On the Front Porch with Brent Orrell and Tony Pipa: A conversation with Kevin R. Kosar


A farewell to the Open Skies Treaty, and an era of imaginative thinking

French military pilots are preparing for the first flight in the Kiev region May 15, 2001. A French military mission arrived in Ukraine for a two-day series of observation overflights according to" The Open Skies Treaty" signed in 1992 between member states of NATO and the former Warsaw Pact.AS/GB

Last month, President Trump announced that the United States would withdraw from the 1992 Open Skies Treaty (OST). The OST allows for members — the United States, Canada, Russia, and various European countries — to conduct unarmed surveillance flights in each others’ air space. The treaty was designed to enhance mutual understanding, build confidence, and promote openness and transparency of military forces and activities.

I was one of two lawyers in the U.S. delegation that negotiated the treaty. Thinking back on that time, I’m struck that our current lack of imagination is so unlike the spirit of possibility we had then. In spite of the challenges amid political upheaval in Europe, we were committed to completing multilateral engagements and agreements. Now, I doubt our ability to understand that we can strengthen existing agreements to address the shifting threats we face today.

The treaty then

The Open Skies Treaty has 34 parties and builds on the original concept of “mutual aerial observation” proposed by President Dwight D. Eisenhower in 1955. Flights per country are based on quotas, both active (those a country can conduct) and passive (those a country must accept). The types of aircraft and cameras used must pass specific certification requirements. During the negotiations, I realized that the OST is different from most traditional arms control treaties: Its issues pertain to types of cameras, their exact placement on planes, their resolution, arrangements for sharing airplanes, and other such details. After having just worked on the Conventional Forces in Europe (CFE) Treaty — which outlined provisions aimed at establishing a military balance of conventional arms between NATO and the former Warsaw Pact countries, with detailed and complicated explanations for how to destroy each type of conventional weapon — working on the OST was definitely a change.
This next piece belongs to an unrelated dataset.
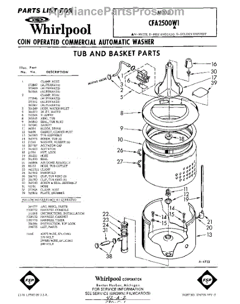 Parts for Whirlpool CFA2500W1: 01 - Tub And Basket , Lit / Optional Parts

As a new person on the block at the time, treaty negotiation-wise, I was genuinely inspired by the fact that the OST was about confidence-building at a time of political upheaval. The Berlin Wall fell during the final months of the CFE negotiations, and it was a challenge to complete the talks in the changing environment. Likewise, the Warsaw Pact and the Soviet Union dissolved during the OST negotiations. Suddenly, we were negotiating not with the Warsaw Pact but with Russia and several new countries. The increase in representation by these former Warsaw Pact countries was a new dynamic in the talks for everyone, including Russia.

Many former Warsaw Pact countries became even more interested in the negotiations after the pact dissolved, conducting their negotiations free from the Soviet Union’s presence and pressure. They welcomed transparency, particularly the possibility of openness regarding Russia. We anticipated that the OST would assist in verifying treaties such as the CFE and the Chemical Weapons Convention, as well as provide additional information to decrease the likelihood of  conflicts. And while we in the U.S. knew that we already had the national technical means to get information on other countries’ activities, we understood the value of the treaty to other countries. The breakup of the Soviet Union also created three new states with nuclear weapons, adding to the desire for transparency.

Moreover, the OST highlighted the importance of science diplomacy. I recall the policy experts leaving for the day and the scientists staying behind and working together late into the night, talking about camera placement and resolution. The next day, the scientists would offer new ideas, expanding the realm of the possible while the political concerns were sorted out. Political limitations did not bind their imagination, and their enthusiasm was contagious.

The treaty now

While the types of challenges we face today are not NATO versus the Warsaw Pact, there are certainly challenges that warrant continued transparency, and that can help promote confidence-building and trust. When there is a concern about a potential treaty violation or  conflict, the United States and others must take advantage of avenues for verification and communication, including but not limited to the OST.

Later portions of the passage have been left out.